When developing a perimeter protection strategy for an organisation, one of the most common questions is "Where should I place firewalls for maximum effectiveness?" In this tip, we'll take a look at the three basic options and analyse the scenarios best suited for each case.
Before we get started, please note that this tip deals with firewall placement only. Anyone building a perimeter protection strategy should plan to implement a defence-in-depth approach that utilises multiple security devices including firewalls, border routers with packet filtering and intrusion-detection systems.
Option 1: Bastion host
The first and most basic option is the use of a bastion host. In this scenario (shown in figure 1 below), the firewall is placed between the Internet and the protected network. It filters all traffic entering or leaving the network.
Figure 1: Bastion host
The bastion host topology is well suited for relatively simple networks (e.g. those that don't offer any public Internet services.) The key factor to keep in mind is that it offers only a single boundary. Once someone manages to penetrate that boundary, they've gained unrestricted (at least from a perimeter protection perspective) access to the protected network. This may be acceptable if you're merely using the firewall to protect a corporate network that is used mainly for surfing the Internet, but is probably not sufficient if you host a Web site or e-mail server.
Option 2: Screened subnet
The second option, the use of a screened subnet, offers additional advantages over the bastion host approach. This architecture uses a single firewall with three network cards (commonly referred to as a triple homed firewall). An example of this topology is shown in figure 2 below.
Figure 2: Screened subnet
The screened subnet provides a solution that allows organisations to offer services securely to Internet users. Any servers that host public services are placed in the Demilitarised Zone (DMZ), which is separated from both the Internet and the trusted network by the firewall. Therefore, if a malicious user does manage to compromise the firewall, he or she does not have access to the Intranet (providing that the firewall is properly configured).
Option 3: Dual firewalls
The most secure (and most expensive) option is to implement a screened subnet using two firewalls. In this case, the DMZ is placed between the two firewalls, as shown in figure 3 below.
Figure 3: Dual firewalls
The use of two firewalls still allows the organisation to offer services to Internet users through the use of a DMZ, but provides an added layer of protection. It's very common for security architects to implement this scheme using firewall technology from two different vendors. This provides an added level of security in the event a malicious individual discovers a software-specific exploitable vulnerability.

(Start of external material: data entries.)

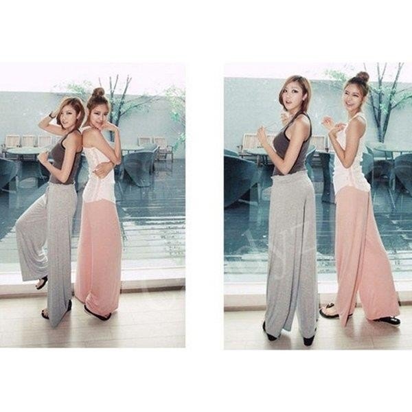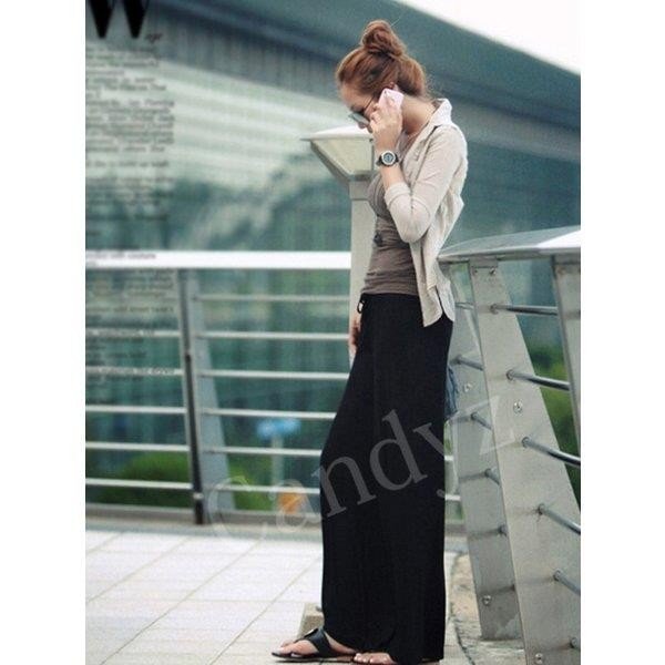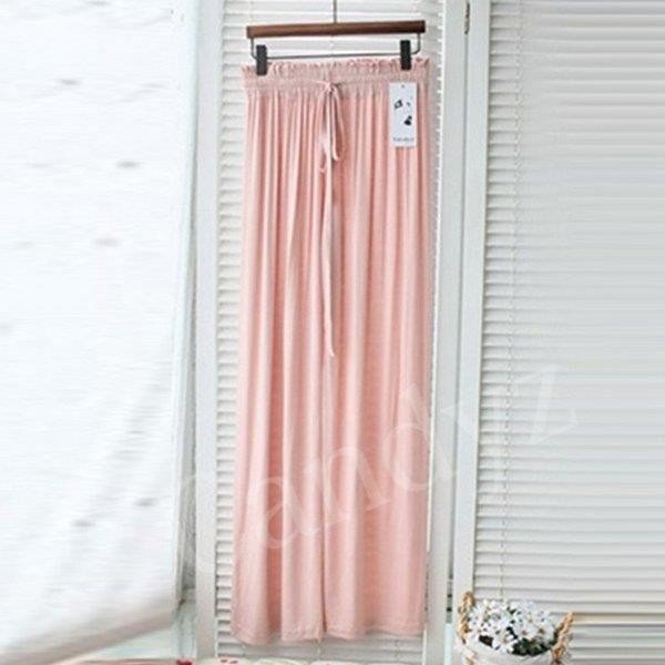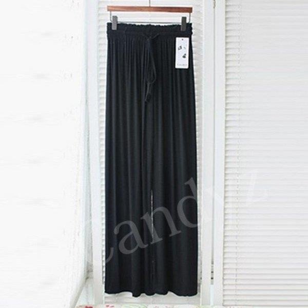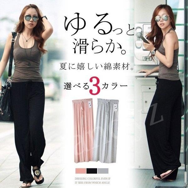 ワイドパンツ レディース レーヨン ストレッチ ヨガパンツ 無地 ロング リボン ウエストゴム ゆったり 落ち感 ガウチョパン
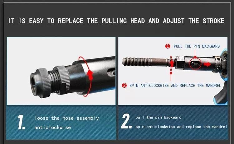 - Lực rút mạnh, hành trình rút dài chuyên dùng bắn ốc tán lục giác có độ cứng cao, ốc tán inox, ốc tán thép, đinh tán nhôm...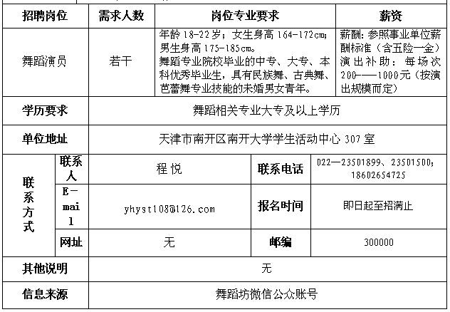 3、舞蹈专业院校毕业的中专、大专、本科优秀毕业生,具有民族舞、古典舞、芭蕾舞专业技能的未婚男女青年。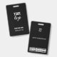 Eine Vorlage für schwarzes Abzeichen, die Sie anpassen können. Passen Sie das Abzeichen für Ihre Veranstaltung mit Text, Foto, Logo-Bild an. Ideal für ein Büro, Mitarbeitererkennung, Konzert, Fest, Kongress, private Veranstaltung oder Party. Passen Sie den Text, das Logo und den Bar Code an und machen Sie ihn zu Ihrem eigenen.

Higher-end firewalls allow for some variations on these themes as well. While basic firewall models often have a three-interface limit, higher-end firewalls allow a large number of physical and virtual interfaces. For example, the Sidewinder G2 firewall from Secure Computing allows up to 20 physical interfaces. Additional virtual interfaces may be added through the use of VLAN tagging on the physical interfaces. What does this mean to you? With a greater number of interfaces, you can implement many different security zones on your network. For example, you might have the following interface configuration:
- Zone 1: Internet
- Zone 2: Restricted workstations
- Zone 3: General workstations
- Zone 4: Public DMZ
- Zone 5: Internal DMZ
- Zone 6: Core servers
This type of architecture allows you to take any of the three topologies described above and add a tremendous degree of flexibility.
That's a brief primer on firewall architectures. Now that you're familiar with the basic concepts, you should be able to help select an appropriate architecture for use in various situations.